Space efficient collection for strings with common prefixes - Java implementation

Question

I need to store millions of string with common prefixes (they don't correspond to file system paths) in a Set like structure in memory, and query the Collection to see if a path exists.

e.g.

/path
/path/1
/path/2
/path/1/a
/path/1/b

I want to store these as efficiently as possible (they will be in memory) , given that there will be many common prefixes for all the strings involved would a Trie be a reasonable candidate?

I'm looking for a recommendation for an implementation of a suitable data structure in Java.

Similar http://stackoverflow.com/questions/2218905/need-memory-efficient-way-to-store-tons-of-strings-was-hat-trie-implementation — Joel, Apr 09 '11 at 12:02

Manuel Salvadores · Answer 1 · 2011-04-08T13:41:37.883

4

A Trie looks like the structure you need. Also similar structures are Radix Tries, that unlike tries, use sequence of characters to label edges. In plain tries edges are labeled with single characters, I am sure they behave better in your case where strings share quite a lot of prefixes.

see also ...

http://code.google.com/p/trie/

http://code.google.com/p/radixtree/

edited Apr 08 '11 at 13:41

answered Apr 08 '11 at 13:35

Manuel Salvadores

16,287
5
37
56

The authors comment doesn't inspire much confidence! "Note to any visitors, this is fine SAMPLE code, but not production code.
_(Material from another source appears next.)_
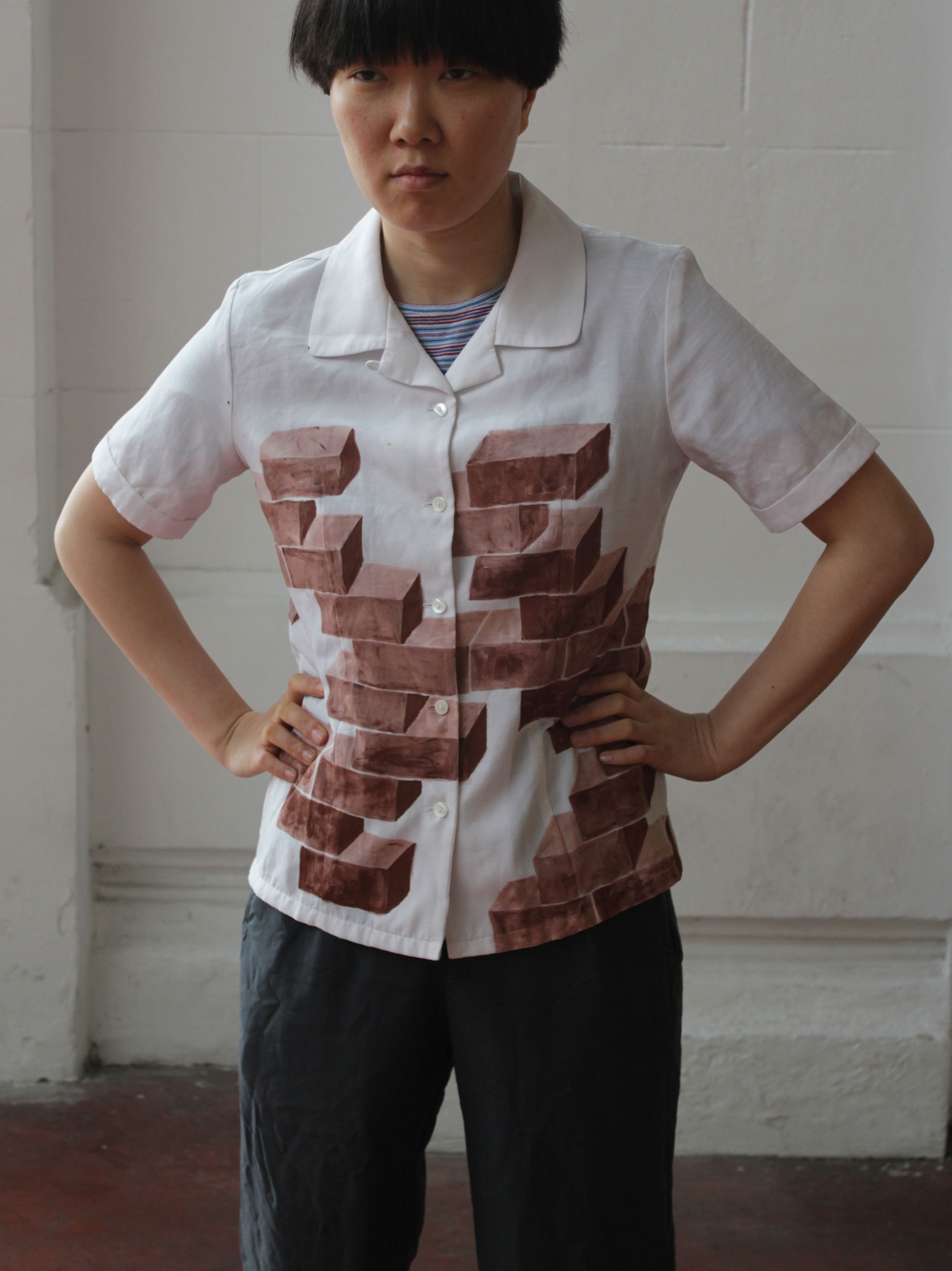 특정 건축물이나 스타 건축가가 만든 건물이 랜드마크가 될 수는 있겠지만, 도시를 구성하는 건 이름 모를 건축가들의 집들이다. 건축가 김수근은 건축을 “빛과 벽돌이 짓는 시”라고 했을 만큼, 적벽돌을 적극적으로 사용했다. 한 시대를 주름잡은 건축가가 가장 대중적이고 보편적인 재료를 사랑했다는 점은 주목할만하다. 내가 적벽돌을 주목하는 이유도 바로 보편성에 있다. 누구나 알지만, 누가 만들었는지 모르는 무명 디자이너의 상품들. 도시에서 살아남기 위해 발버둥 치는 것은 사람뿐만이 아니다. 도시에서 판매되는 대부분의 물건도 자신을 계속 변형시키면서 <신상품>이라는 이름으로 오늘도 경쟁하고 있다. 새로 나온 상품들을 쇼윈도에 전시하기도 바쁜 사이, ‘몸빼’나 삼선슬리퍼처럼 최저의 가격으로 오랫동안 원형을 유지하며 살아남은 물건들이 있는데, 나는 이 물건들을 ‘서바이벌오브젝트’라 부른다. 음식계의 서바이벌오브젝트로는 라면을 들 수 있겠다. 라면은 몸빼처럼 일본에서 건너왔지만, 한국형으로 맵고 싸게 자신을 변형시켜 꾸준히 이 땅에서 사랑받고 있다. 여러 분야의 서바이벌오브젝트가 존재하고 있고 그것을 찾아내는 것이 내가 나에게 낸 숙제 중의 하나인데, 건축계에서 찾은 것은 바로 ‘적벽돌’이었다. 적벽돌을 또 하나의 서바이벌오브젝트로 등록하는 기념으로 만든 적벽돌셔츠를 입고 사진 한 장! 김치~.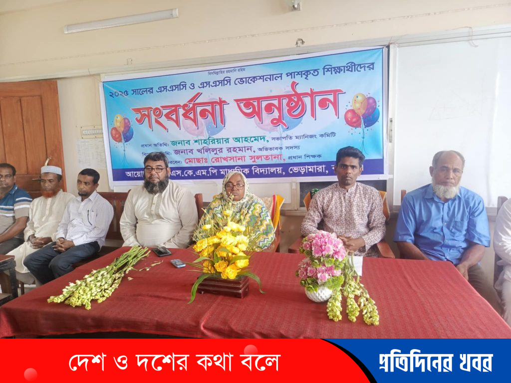 ভেড়ামারা প্রতিনিধিঃ মিলন আলী কুষ্টিয়ার ভেড়ামারা উপজেলার এ.এস.এম.কে.পি মাধ্যমিক বিদ্যালয়ের এসএসসি ও এসএসসি ভোকেশনাল ২০২৫ সালের পরীক্ষায় উত্তীর্ণ শিক্ষার্থীদের সংবর্ধনা প্রদান করা হয়েছে । মঙ্গলবার (১৭ জুলাই) বিদ্যালয় প্রাঙ্গণে আয়োজিত সংবর্ধনা অনুষ্ঠানে শিক্ষার্থীদের এ সম্মাননা ও উৎসাহ প্রদান করা হয়। প্রধান শিক্ষক মোছাঃ রোখসানা সুলতানা এর সভাপতিত্ব প্রধান অতিথি হিসেবে উপস্থিত ছিলেন বিদ্যালয় পরিচালনা পর্ষদের সভাপতি শাহরিয়ার আহমেদ( সাদ্দাম) । বিশেষ অতিথি হিসেবে উপস্থিত ছিলেন অভিভাবক সদস্য খলিলুর রহমান, সহকারী প্রধান শিক্ষক রফিকুল ইসলাম। এসময় বিদ্যালয়ের সকল শিক্ষক-শিক্ষিকা, অভিভাবক ও শিক্ষার্থীরা অনুষ্ঠানে অংশগ্রহণ করে। অনুষ্ঠানে বক্তারা শিক্ষার্থীদের ভবিষ্যৎ জীবন গঠনে অধ্যবসায়, নৈতিকতা ও মানবিক মূল্যবোধ বজায় রাখার আহ্বান জানান। বক্তারা বলেন, পরিবার ও শিক্ষকের অবদানই একজন শিক্ষার্থীর সফলতার পেছনে সবচেয়ে গুরুত্বপূর্ণ ভিত্তি। প্রধান অতিথি জনাব শাহরিয়ার আহমেদ তাঁর বক্তব্যে বলেন, আজকের শিক্ষার্থীরাই আগামী দিনের ভবিষ্যৎ। শুধু পরীক্ষায় পাস করলেই যথেষ্ট নয়, তাদের ভালো মানুষ ও দায়িত্বশীল নাগরিক হিসেবেও গড়ে উঠতে হবে। বর্তমান প্রতিযোগিতার যুগে টিকে থাকতে হলে জ্ঞান অর্জনের পাশাপাশি মূল্যবোধ, দেশপ্রেম এবং পরিবেশ সচেতনতা থাকতে হবে। তোমাদের প্রতিটি কাজে যেন মানুষের উপকারে আসে, সেই চেতনা নিয়ে পথ চলা শুরু করতে হবে। এই সফলতা যেন তোমাদের আত্মতুষ্টিতে না ভোগায়, বরং ভবিষ্যতের পথে আরও ভালো করার প্রেরণা জোগায়। তিনি আরও বলেন, বিদ্যালয় শুধু পড়ালেখার স্থান নয়, এটি মানবিক গুণাবলি অর্জনের ক্ষেত্রও। শিক্ষকরা কেবল পাঠ্যপুস্তক শেখান না, তারা জীবন গঠনের দীক্ষাও দেন। সাফল্যের এই মঞ্চ থেকে তোমাদের পরিবার, শিক্ষক ও সমাজের প্রতি কৃতজ্ঞতা জানিয়ে আগামী দিনের জন্য নিজেদের প্রস্তুত করতে হবে। অনুষ্ঠান শেষে বিদ্যালয়ের সুন্দর্য বন্ধনে বিদ্যালয়ের মাঝে ফলজ ও বনজ গাছের চারা রোপন করা হয়। পরিবেশ রক্ষা ও সবুজায়নের লক্ষ্যে এই ব্যতিক্রমী উদ্যোগ নেওয়া হয়। চারা বিতরণের সময় শিক্ষকদের পক্ষ থেকে শিক্ষার্থীদের গাছ রোপণ করে তার যত্ন নেওয়ার আহ্বান জানানো হয়।

It was written by an inexperienced programmer (me at the time) in one evening." – Joel Apr 08 '11 at 13:38
yes, you're right ... go for Radix Tries (second link) they are actually better for this case. – Manuel Salvadores Apr 08 '11 at 13:40
Any reason the prefer the second implementation of a radix trie to this one? http://code.google.com/p/patricia-trie/ – Joel Apr 08 '11 at 13:52
But _both_ are radix tries (aka Patricia-Trie), just different implementations.... – Joel Apr 08 '11 at 13:58
no, they are different. the first one is simply 'trie' and the second one is a 'radix trie'. See the wikipedia explanations and you will easily spot the diferences. – Manuel Salvadores Apr 08 '11 at 14:03
Yes, but code.google.com/p/patricia-trie and http://code.google.com/p/radixtree/ _are_ both Radfix Tries (Patricia Tries) – Joel Apr 08 '11 at 14:32
yes, radix trie and patricia trees are the same thing. Sorry. – Manuel Salvadores Apr 08 '11 at 14:37

score 3 · Answer 2 · answered Apr 08 '11 at 13:36

3

This looks like a good candidate implementation: https://github.com/rkapsi/patricia-trie

answered Apr 08 '11 at 13:36

Emil Sit

22,894
7
53
75

Anon · Answer 3 · 2011-04-08T15:47:08.567

Let's consider the tradeoffs before any suggestions.

You say you need to store "millions" of paths. I'll assume one million, because it makes the calculations easier (and even on servers, I haven't seen more than a million directories).

How long are those paths? You've shown an example with very short paths, so we're looking at maybe a hundred megabytes to store those million paths. I don't have a reference for maximum path lengths, but 256 characters sticks in my mind. So your paths will take a maximum of 512 Mb of memory. Do you have that much memory?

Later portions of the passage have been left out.